By keeping silent over what is happening in Tunisia, Cherif said the world is “showing indifference to a population that is rising up in the face of massive repression”.

“We can clearly see that it’s self-interest that counts, not values like democracy or freedom,” she said. “This discredits European and Western countries.”

She condemned the tendency to describe Tunisia as an economic miracle.

“Just look at what this ‘miracle’ has led to,” she said, referring to those marginalised by the liberalising economic path the government has taken.

France’s Socialist Party, the main opposition, condemned the “brutal repression” of the protesters on Thursday, calling for those arrested to be released.

“It’s unfortunately not the first time that the Tunisian security forces distinguish themselves by sometimes fatal repressive measures,” Pouria Amirshahi, the party’s national secretary, said in a statement from France.

Amirshahi called on the Tunisian authorities “to guarantee the safety of activists, journalists and lawyers, and to protect the right to information and the right to peaceful protest.”

Simmering resentment


 

Some 80,000 Tunisians graduate from higher education annually, but analysts say the Tunisian economy is incapable of absorbing so many highly skilled workers.

The unemployment rate is 14.7 per cent, according to the World Bank.

Nouredinne Miladi of the University of Northampton points to unemployment figures from non-governmental sources. In the town of Sidi Bouzid, where the protests started, around 25 per cent of male university graduates are jobless, as are 44 per cent of female graduates.

He said the simmering resentments that led to the recent protests are rooted in years of systematic marginalisation of not only the young, but of significant parts of the country.

Flourishing coastal cities receive the bulk of the government’s attention, he told Al Jazeera, while much of the rest of Tunisia goes overlooked.

The World Bank may have recently praised Tunisia’s weathering of the global economic crisis, but the economic reality within the country is very different from how it is typically viewed abroad, he explained.

“What is promoted around the world is this lovely picture of tourism and so forth,” he said.
  
The Tunisian government deserves praise for having made education a higher priority than other countries in the Maghreb like Algeria or Morocco, Lahcen Achy of the Carnegie Endowment for International Peace told Al Jazeera.

But the problem lies in the type of sectors that have been developed in Tunisia, which offer mostly low-skilled employment.

Highly educated young people are blocked from entering public life, whether it be politics, media or commercial spheres.
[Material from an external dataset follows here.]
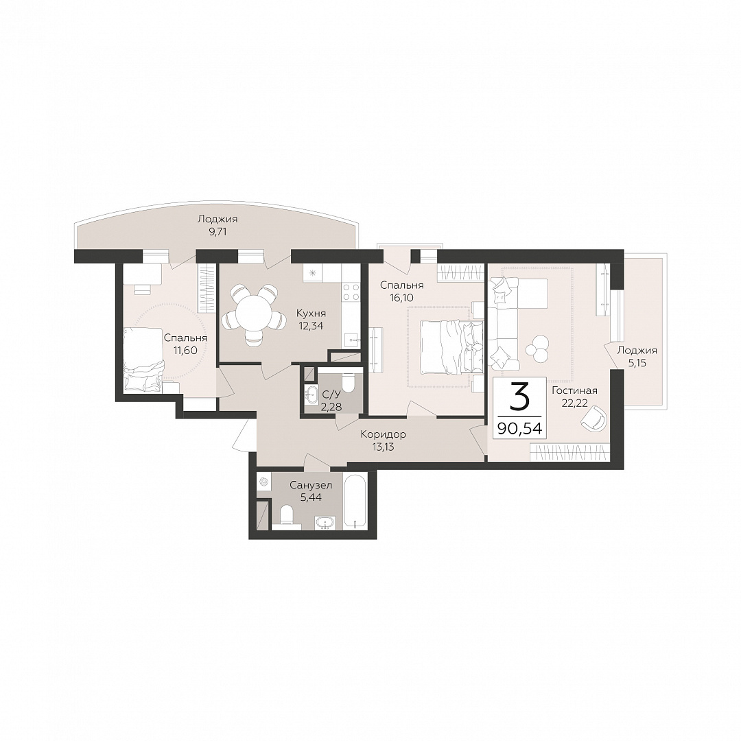 3-комнатная квартира, 90.54 м2, 5 этаж, №35, Скай

Instead, economic development has focused on sectors such as tourism and textiles, which don’t meet the expectations of these graduates.

The government has a responsibility to design policy that encourages domestic and foreign investment in sectors that would provide jobs suitable for so many highly educated graduates.
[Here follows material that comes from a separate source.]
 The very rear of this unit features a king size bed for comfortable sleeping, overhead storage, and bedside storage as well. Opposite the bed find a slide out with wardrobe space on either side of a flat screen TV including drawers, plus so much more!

“We have much more investment coming from Europe … just looking for cheap labour,” Achy said.

Little freedom of expression

Beyond the employment dilemma, Miladi said there is a need to allow for greater freedom of expression.
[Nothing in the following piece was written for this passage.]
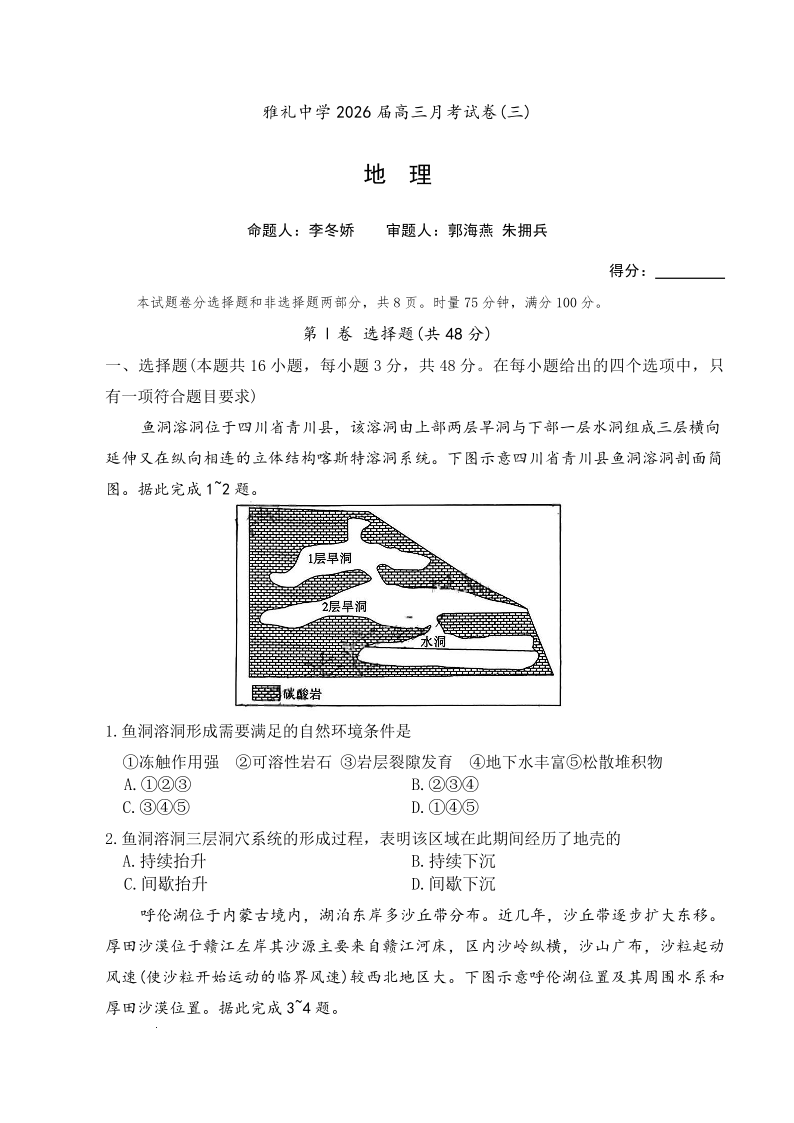 雅礼中学2026届高三月考试卷(三)地理.pdf

“There has to be new initiatives with regards to opening up the media in the country,” Miladi suggested.

Government has controlled television, radio and print media for decades.

“Only the internet remains probably the only source of opportunity for young people and others to voice their opinion,” he said.

International media face many barriers in reporting from Tunisia. The government has banned Al Jazeera completely. The main source of information on the protests is coming from information Tunisians are posting to YouTube and Twitter.

Many of those tweeting about the popular uprising are beginning to question what they see as the failure of international media to cover the protests, compared to the outcry over pro-democracy protests in Iran in 2009.